Adam would have surely worshipped, praised, thanked and adored God, who we know could familiarly come to him in the cool of the day; but neither here nor in Angels was there any surrender of self - their part was to be and abide simply what they were. They were in their place with God, and God had His in their hearts, and could have no other; and there was no self to give up.

Christ could, being in the form of God, make Himself of no reputation, and come in voluntary self-abasement to do God s will, and give Himself up to glorify His Father; we who were aliens from God, being quickened by Him, and alive unto God, through our Lord Jesus Christ, can through grace yield ourselves to God, as those that are alive from the dead, and our members instruments of righteousness to God. But thus is not worship, though in us a worshipping spirit may delight to do it. Further, all pretension to worship God now, unless through redemption, and the death of Christ, is sin - it is insensibility to our alienation from God, and in our state of sin, pretending we can come to God as if nothing had happened; Christ's offering of Himself, and being made sin, lays the sole ground of all worship. And in the converse order, when we come by it, in virtue of this we can offer ourselves, but that is not worship, though it may accompany it we yield ourselves to God, because we were strangers, but now can, and indeed are not our own, but bought with a price, as Adam and Angels were not - that sacrifice is not, properly speaking, worship.

Taking it in its first character, it is Christ giving Himself - through the eternal Spirit, offering Himself without spot to God, or then made sin for us, or a perfect spiritual life tested by the fire of God's judgment, and a sweet savour to God; an o-lah (burnt offering), a khat-tath (sin-offering), or a min'khah (meat offering). The zevakh sh'lamim (sacrifice of peace offering) was, as an offering, an o-lah, i.e., the fat, but the communion and feast of the worshipper

Then, in its application to us, the khat-tath, or sin-offering begins - this is not worship, it is clear; the o-lah is the perfect offering unto death, in the sweet savour of which we come when we worship; the min'khah we feed on as priests, i.e., Christ s living perfection even to death, but none of this is our worship, though we come by it when we worship - it is the central thing on which all our worship rests and is accepted. Only one aspect has to be enquired into, seen in Abel's sacrifice, coming with Christ, so to speak, in our hands as a gift to God; this is what is presented to us in Abel, but the reference to it in Hebrews does not treat it as worship, but he obtained testimony that he was righteous, God testifying of His gifts.

299 There is, in offering up gifts to God, homage rendered to Him, and, so far as a sacrifice, of self, but this is only when coming from a distance, and hence looks to acceptance, and this cannot be but first by a bloody sacrifice, i.e., by Christ.
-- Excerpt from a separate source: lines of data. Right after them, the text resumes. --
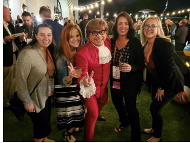
Austin Powers at the Reception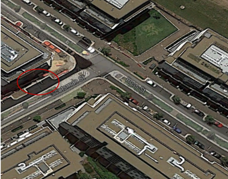
Proposal Proposed Car Share Scotsman Street, Forest Lodge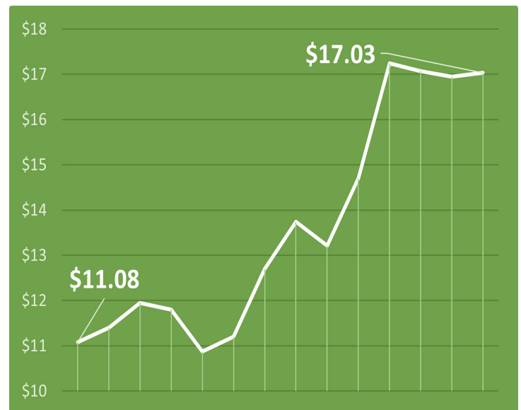
12-MONTH END 2012 - 2025 (in billions)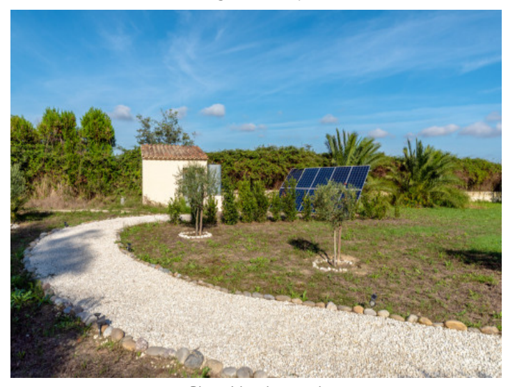
Plot with solar panel

Hence, when He offered up Himself without spot to God, it was to death even as a holocaust, but when we go thus, we go from outside to be accepted - it may be not doubting it will be so, but to be accepted - thus, though it be the door to worship, and springs from the spirit that leads to it, i.e., a soul returning by Christ to God, yet the sacrifice is not in itself properly worship, nor even coming by or with it, though thus last is, in a measure, homage to God and so worship; but true worship is in a known relationship, praising, adoring, thanking, blessing God in the consciousness of His favour, in His presence as those brought in by the work of Christ, both cleansed and according to the value and savour of His sacrifice, but as in a known relationship of present favour and grace wherein we stand, so that we joy in God, and, I may add, are before the Father who Himself loves us.

It is the outgoing of heart in delighting in God, and adoring Him for all He has done when we think of that, but flowing from what He is to us; and we are actually in His presence, never forgetting surely how we got there, for He has been manifested in that we have learned love and righteousness and holiness there, but as within, praising Him whom we have found, in our present relationship to Him.

There is another thought connected with the Lord's supper, besides its being that symbolically, in virtue of which, and in the perfect savour of which we, risen and in God s presence, do worship; these are the sin-offering, which comes first for the returning sinner, and the burnt-offering. In the peace-offerings the fat was the bread of the offering of the Lord - Jehovah fed upon it, and the priest and the offerer and his friends fed upon the rest. Christ, who was God's delight, is our delight - He feeds upon the perfect offering of Himself, Therefore doth my Father love me, because I lay down my life that I might take it again" - we feed upon His broken body; we do feed, with delight, upon that which came down from heaven, but we cannot feed upon it, as such, without or separate from its being broken and its blood shed, and, even in dwelling on Christ, in His humbled life, it is always with the consciousness that the Cross completed it, and threw its character of perfectness over His whole path, besides the work that was wrought there. It is not a glorified Christ we feed on then, but on a sacrificed Christ, His broken body and shed blood, wherefore it is "in remembrance of me." There is no such Christ in existence now, and the blood must be drunk, a separate thing, out of the body - that is redemption - without there is none.